Ageing was on the agenda of the European Week of Regions and Cities, the annual event where regions and cities showcase their experiences, capacities and best practices, organised online in October 2020. This event was an opportunity to discuss the issue of ageing in Europe, in light of the European Commission’s Report on the Impact of Demographic Change and of the additional challenges brought by the COVID-19 crisis.


Insight from a rural and sparsely populated area

José Tomé Roca, President of the Lugo Province, Spain, presented how the Province is working with municipalities to improve the quality of life of older adults. In this rural Province, all municipalities count less than 2.000 inhabitants and 29% of the total population is over 65. Most of older adults in the Lugo Province live in rural areas, some of them also being sparsely populated territories. Providing quality services is therefore essential yet difficult.

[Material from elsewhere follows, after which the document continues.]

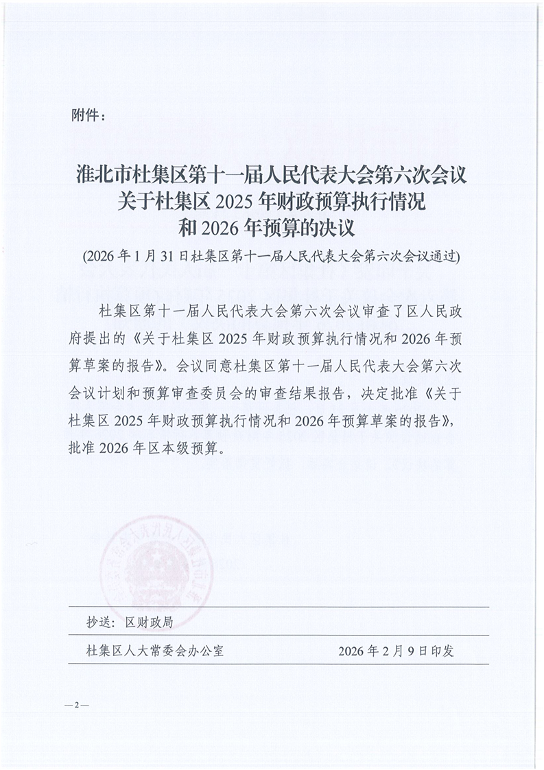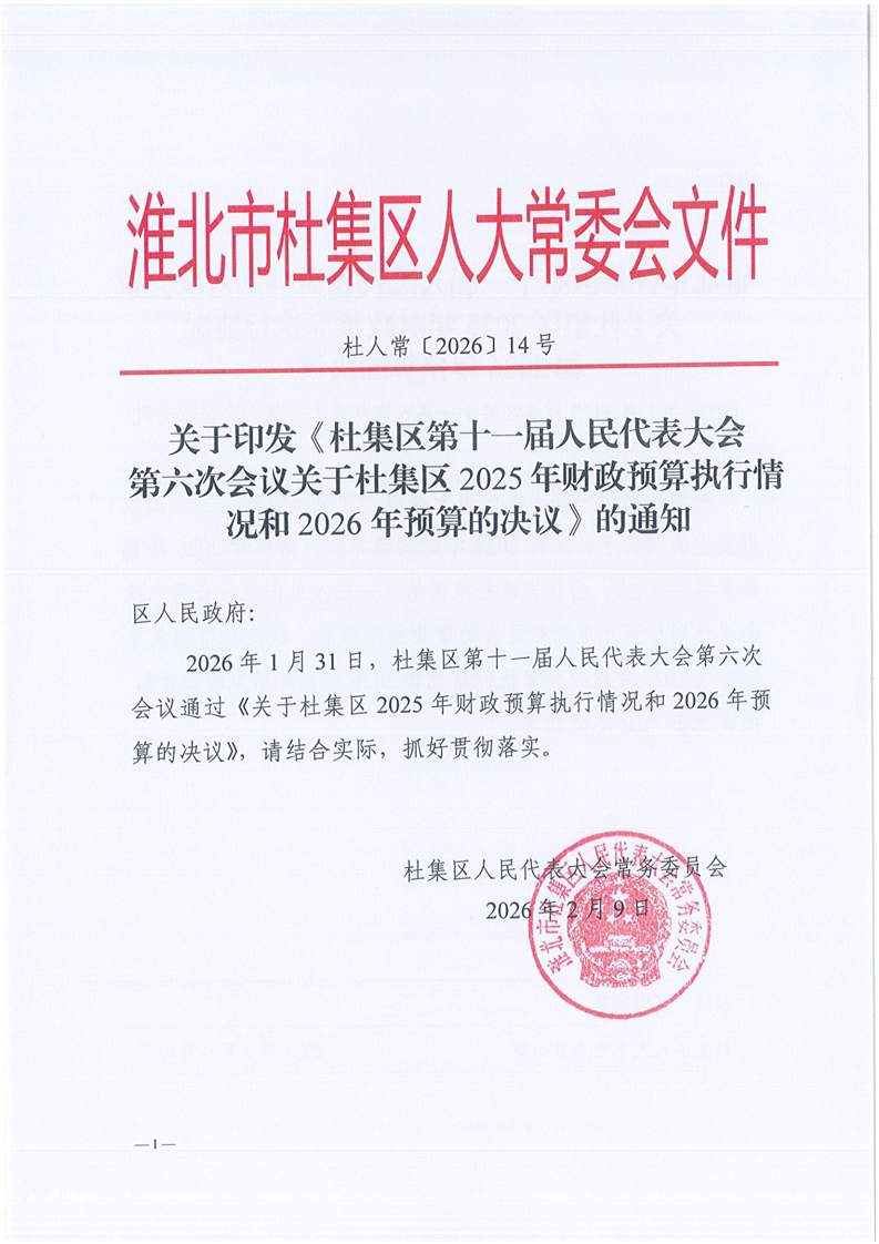关于印发《杜集区第十一届人民代表大会第六次会议关于杜集区2025年财政预算执行情况和2026年预算的决议》(杜人常〔2026〕14号)

Social and care services are managed both by autonomous communities at regional level and by provinces and municipalities at local levels. In this rural Province, municipalities and their town halls are often the first contact point for local populations, including for older adults; but most of them don’t have enough resources to provide high quality services.

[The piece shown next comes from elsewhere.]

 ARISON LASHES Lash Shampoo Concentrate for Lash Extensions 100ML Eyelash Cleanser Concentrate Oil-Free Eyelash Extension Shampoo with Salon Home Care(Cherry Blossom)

The Province is thus using the European Social Fund to provide training to caregivers working with older adults. Though trainings caregivers learn how to better assess the needs of elders and respond to them. Sport activities and digital literacy workshops are also organised. In addition to trainings for retirement houses’ caregivers, the Province also set up at 24h/24 phone emergency assistance in order to support older adults at home in this remote area.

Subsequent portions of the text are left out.